# DoorDash at after 11 pm: good time?



## Luca (Nov 29, 2016)

Hello everyone,
I just sign up to be a Dasher. I am a bartender and get off work usually around 11pm. I was thinking to make some extra time after that with DoorDash. I live in Orange County. Do you guys think, from your personal experience, that it is a good time or not the best?

Thanks!
Luca


----------



## Prius13 (Mar 29, 2017)

Luca said:


> Hello everyone,
> I just sign up to be a Dasher. I am a bartender and get off work usually around 11pm. I was thinking to make some extra time after that with DoorDash. I live in Orange County. Do you guys think, from your personal experience, that it is a good time or not the best?
> 
> Thanks!
> Luca


Not in Chicago suburbs in my experience. Also, am finding out DD will have you pick up food in your area and have it delivered totally way out of your area. Then I had to dead head back to my area to get pings. Happened 2x to me last night, and had to jump on Tollways. Smh.


----------



## Woohaa (Jan 15, 2017)

You'll always see the total mileage and your offered pay for accepting the ping. Late nights are good for DD in LA but not sure about the OC. I did Postmates during breakfast hours before my Irvine Flex block was scheduled to begin & the orders were plentiful.


----------



## Prius13 (Mar 29, 2017)

Woohaa said:


> You'll always see the total mileage and your offered pay for accepting the ping. Late nights are good for DD in LA but not sure about the OC. I did Postmates during breakfast hours before my Irvine Flex block was scheduled to begin & the orders were plentiful.


How is Postmates.


----------



## Woohaa (Jan 15, 2017)

Prius13 said:


> How is Postmates.


It's ok but the other delivery apps (Door Dash, GrubHub, Caviar) all pay better so I rarely do PM these days.

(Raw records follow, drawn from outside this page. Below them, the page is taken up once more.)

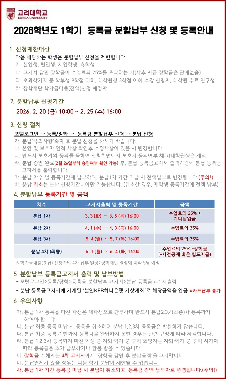 [공통] 2026년 1학기 대학(원) 등록금 분할납부 신청 및 등록 안내
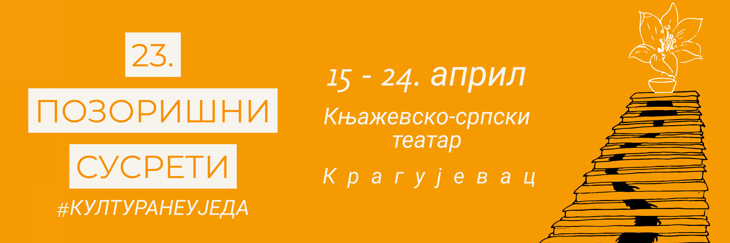Pozorišni susreti učenika gimnazija Srbije održavaju se 23. put zaredom u Kragujevcu, od 15. do 24. aprila, pod sloganom ,,Kultura ne ujeda”. Svečano otvaranje susreta je u ponedeljak, 15. aprila u 16 časova, u Knjaževsko-srpskom teatru.
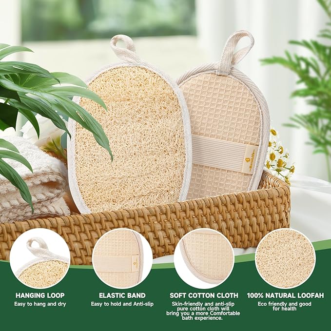 - [NATURAL MATERIAL PROTECT YOUR SKIN ] Our Loofah Sponges Is Made By 100% Natural Loofa And Pure Cotton,Our Natural Loofah Sponges Is Gentle Exfoliating Proudcts , It Will Deeply Clean The Skin Without Hurting Your Skin And Improve Body Blood Circulation ,It Will Offer You a Mild And Gentle Bathing Experience .
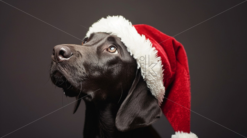 A labrador dog with a Santa hat
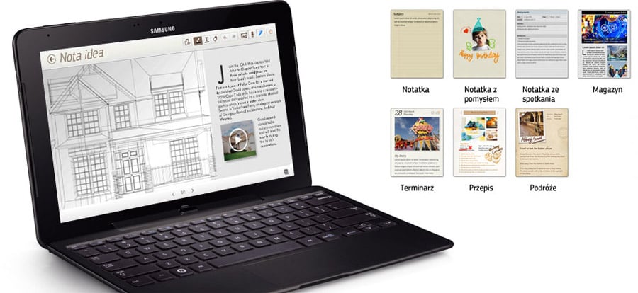 Już nigdy więcej nie przegapisz czegoś ciekawego Za pomocą aplikacji S Note możesz łatwo sporządzać notatki, rysować, a także aktualizować informacje zarówno w ruchu, jak i na stojąco. Różne tryby wprowadzania danych (z klawiatury, pisanie, rozpoznawanie pisma odręcznego) sprawiają, że obsługa aplikacji jest prosta i intuicyjna, a jednocześnie zapewnia najbardziej zaawansowany sposób sporządzania notatek przy użyciu rysika S Pen. W aplikacji dostępny jest wybór szablonów ułatwiających szybkie tworzenie różnych dokumentów i rysunków. |
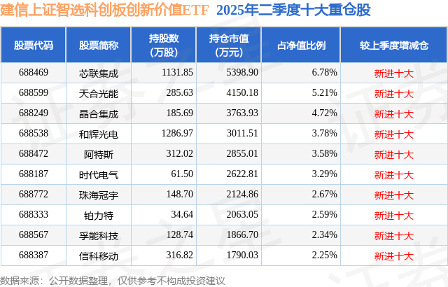 建信上证智选科创板创新价值ETF的前十大重仓股如下:
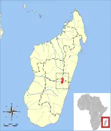 Little is known about the white-tipped tufted-tailed rat because it is known from only two specimens. The first was collected in 1895 or 1896 from the Ampitambe forest, near Ambositra in Fianarantsoa Province and a second 35 km (21.7 mi) north-east of Fandriana in the Fandriana–Marolambo corridor in 2000. Both specimens were collected from montane humid forest at an altitude ranging from 900 to 1,670 m (2,952.8 to 5,479.0 ft).[3] It has not been found during surveys in areas to the north and south of its known range.[1]
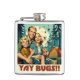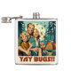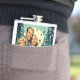 The flask itself is fine. It’s a cheap flask, obviously bought in bulk, however am prepared to overlook that. Given that it is a personalized item, I would have liked to have seen gift boxing instead of the generic packaging. Terrible printing, and/or quality. It’s a cheap, tacky vinyl. It is not cut straight and is also applied in a way that it is overhanging the bottom, causing the glue to catch on items and it will eventually roll and tear, damaging the wrap.
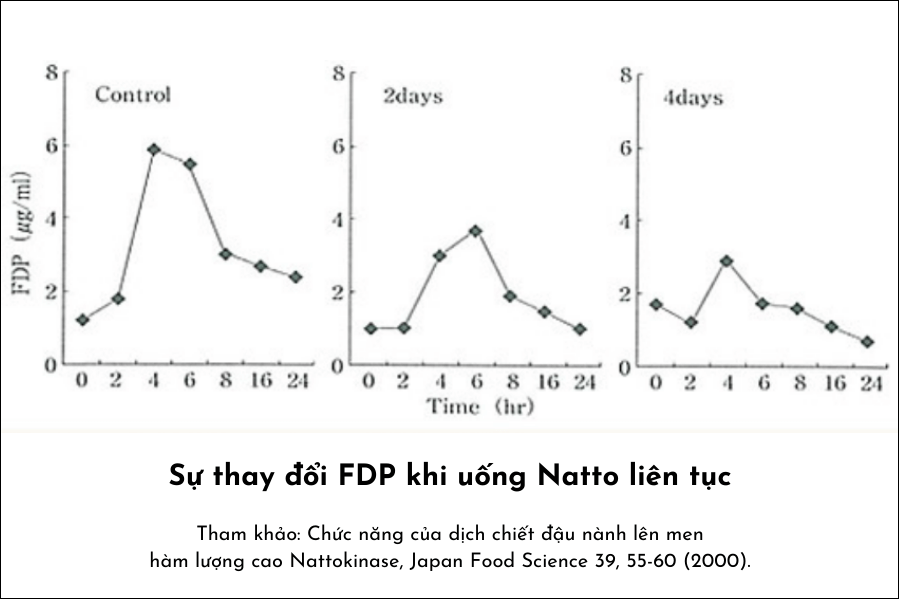 Kết quả cho thấy số lượng đỉnh FDP (Fibrin Degradation Product - phân giải fibrin) giảm xuống khi các tình nguyện viên ăn Nattō nhiều lần hơn. Hay nói cách khác, các fibrin trong cơ thể họ đã suy giảm do ăn Natto liên tục.
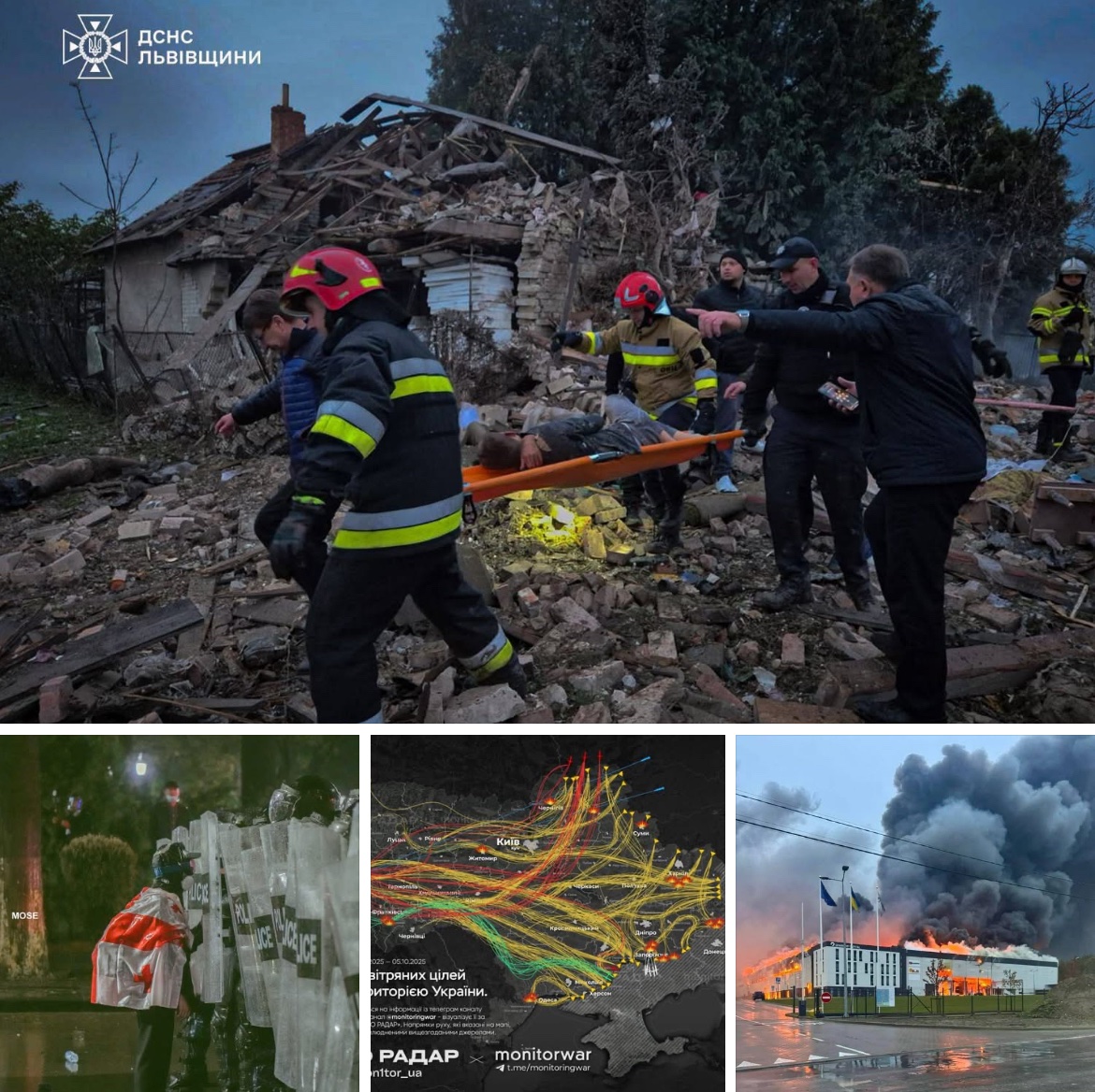 Neděle. Rusové podnikli další rozsáhlý nálet na cíle převážně na západní Ukrajině. Ve vzduchu bylo 496 dronů a 53 raket/střel, ukrajinská PVO zneškodnila 478 z nich. Zásahy hlásí Ivano-Frankivsk a Lvov. Ve Lvově byl zasažen průmyslový areál společnosti Sparrow Capital, který podle starosty neměl nic společného s armádou nebo vojenským průmyslem. V budově byly sklady polských oděvních značek Reserved, Cropp a Sinsay. Zasažena byla také energetická soustava. Tisíce lidí jsou aktuálně bez elektřiny. Celkem si nálet vyžádal nejmíň 9 obětí na životech. A také se stalo tohle:

Plus, they all tell you what you'll make and the destination before you accept the ping. Postmates doesn't.


----------



## PrestonT (Feb 15, 2017)

Luca said:


> Hello everyone,
> I just sign up to be a Dasher. I am a bartender and get off work usually around 11pm. I was thinking to make some extra time after that with DoorDash. I live in Orange County. Do you guys think, from your personal experience, that it is a good time or not the best?
> 
> Thanks!
> Luca


Late night DD didn't work out well for me. Longer drives and almost all to apartment complexes which are very dark and difficult to find building numbers.


----------